Most teams would have wanted the whole thing to disappear quietly. Mercedes did the opposite. After a clip from the Monaco Grand Prix weekend turned Kim Kardashian into the unlikely main character of the race, the team and one of its drivers decided the smartest move was to keep the joke alive. Kimi Antonelli took it straight to Instagram today and trolled Kardashian over the now-viral towel saga, and the internet ate it up.
How A Towel Became The Story
If you somehow missed it, the whole thing kicked off with footage near the podium area at Monaco. In the clip, Kardashian appears to grab a towel that was reportedly meant for the Mercedes winner. It is a small thing. It is the kind of moment that lasts two seconds in real life and then gets clipped, reposted, and argued about for days online.

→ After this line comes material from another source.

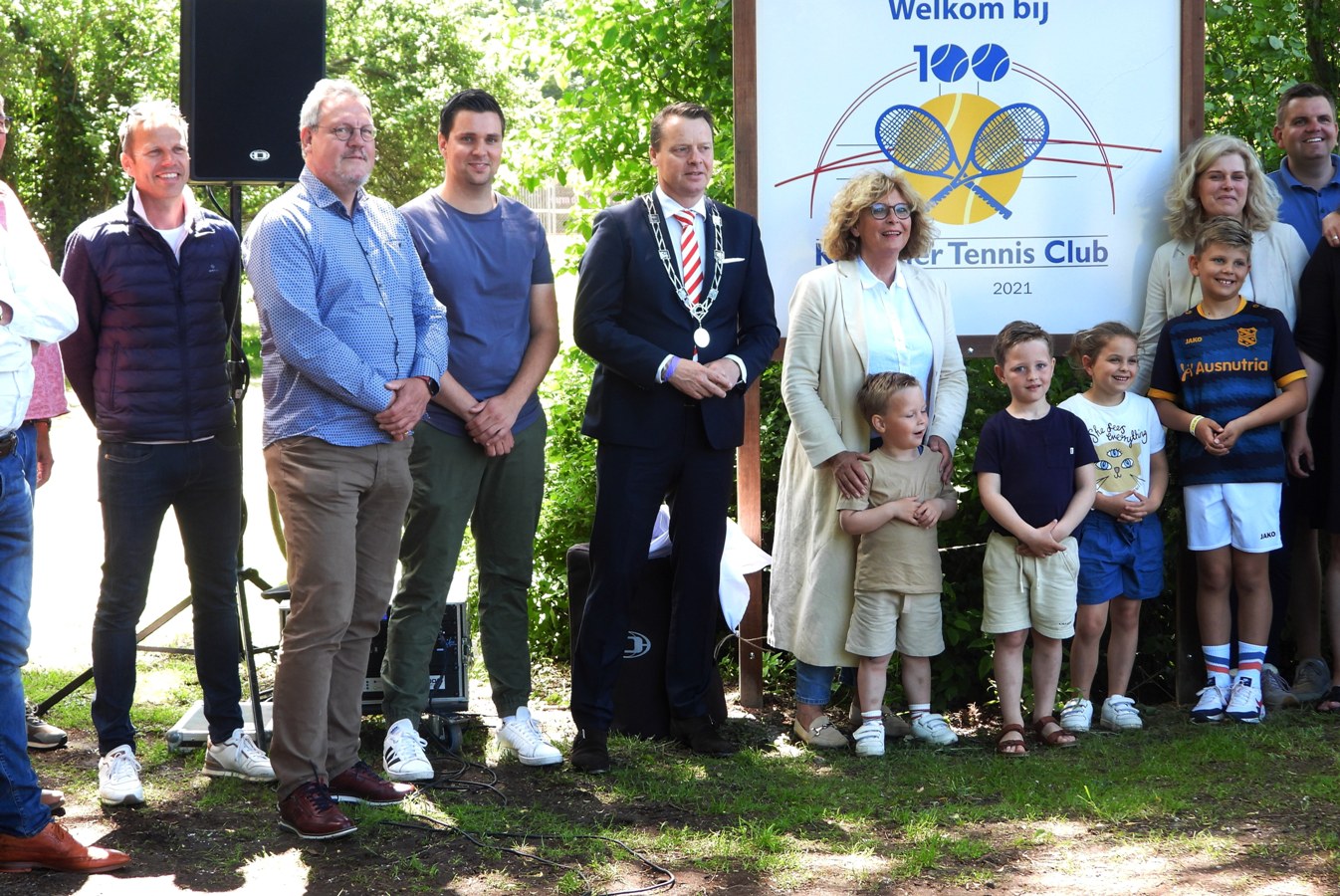 De reünie startte om 17.00 uur, er werd volop bijgepraat, dit was de gelegenheid om elkaar na vaak lange tijd weer te spreken. Om 18.00 uur nam voorzitter Dennis Gaasendam het woord op het terras onder de overkapping, waarna hij eerst het woord aan Christian Bessembinders van de KNLTB gaf. Vanuit de KNLTB werd er een prachtig muurschild aangeboden voor het 100-jarig bestaan van Kollumer tennisvereniging. Na het in ontvangst nemen hiervan ging voorzitter Dennis Gaasendam over tot het uitreiken van oorkondes aan twee ereleden. Erelid Harm van der Wal heeft zich tientallen jaren vol vuur ingezet om de club draaiende te houden. Letterlijk door eerst via de kantinecommissie voor het binnenkomen van gelden te zorgen. En later door als penningmeester ervoor te zorgen dat het over de hele linie in goede banen kwam.

That is exactly what happened. F1 fans noticed, and they did not let it slide. The footage spread fast, and people started calling out Kardashian for the grab. In a sport where podium rituals carry a certain weight, even something as minor as a misplaced towel becomes fair game once the cameras catch it. And at Monaco, the cameras catch everything.
Mercedes Leaned In Instead Of Backing Off
Here is the part that matters. Plenty of teams treat their social media like a corporate press desk, careful and sterile and terrified of saying the wrong thing. Mercedes went the other way. Rather than letting the moment fade, the team leaned into the joke and let the controversy breathe. That choice is what turned a throwaway clip into one of the standout moments of the entire weekend.
It is a smart read of the room. Modern F1 lives and dies on social media engagement, and the audience that grew up on the Netflix era expects personality, not polish. A team that can laugh at a viral moment looks human. A team that ignores it looks scared. Mercedes clearly understood which side of that line it wanted to be on.
Antonelli Joins The Fun
Then came Antonelli. The young Mercedes driver playfully jumped in on Instagram, taking his own shot at the towel saga and adding fuel to a fire that was already burning. For a rookie still building his profile at the top level of the sport, it was a low-risk, high-reward move. You poke fun at a viral celebrity moment, the fans love you for it, and you come across as someone who gets the culture rather than someone hiding behind a media handler.
That detail matters more than it might seem. Drivers who can land a joke and play to the online crowd build a following that goes beyond lap times. Antonelli reading the moment and running with it shows an instinct for the part of the job that happens away from the car. In today’s F1, that instinct is worth almost as much as raw pace.
Why Enthusiasts Actually Care
You could roll your eyes and call this all noise. A celebrity, a towel, a few Instagram jabs. But there is a reason these moments catch fire the way they do. Formula 1 has spent years chasing a bigger, younger, more online audience, and the celebrity presence at races like Monaco is a huge part of that pull. When a name as massive as Kardashian gets tangled up in a viral race-weekend moment, it drags eyeballs toward the sport that would never have shown up for a qualifying report.
The towel saga is the kind of crossover content that bridges hardcore F1 fans and casual scrollers who do not know a Mercedes from a McLaren. For the sport, that reach is gold. For Mercedes, turning the moment into a running gag keeps the team in the conversation long after the checkered flag. Everybody who plays it right wins something here.
The Bigger Picture
Monaco has always been F1 at its most glamorous, the race where the paddock fills with famous faces and the line between sport and spectacle gets blurry. That glamour is part of the appeal, and it is also part of why a moment like this blows up the way it did. The towel grab works as a story precisely because Monaco is the place where celebrity and racing collide every single year.
What makes this one land is the response. Mercedes and Antonelli could have stayed silent and let the clip die on its own. Instead they fed it, shaped it, and made themselves part of the punchline rather than the target. That is a level of self-awareness you do not always see from a championship-caliber operation.
The towel saga will fade like every viral moment does. The footage will get buried under whatever goes viral next weekend. But the way Mercedes and Antonelli handled it says something about where the sport is heading. The teams that win the internet are the ones willing to laugh at themselves, and right now Mercedes looks like it understands that game better than most.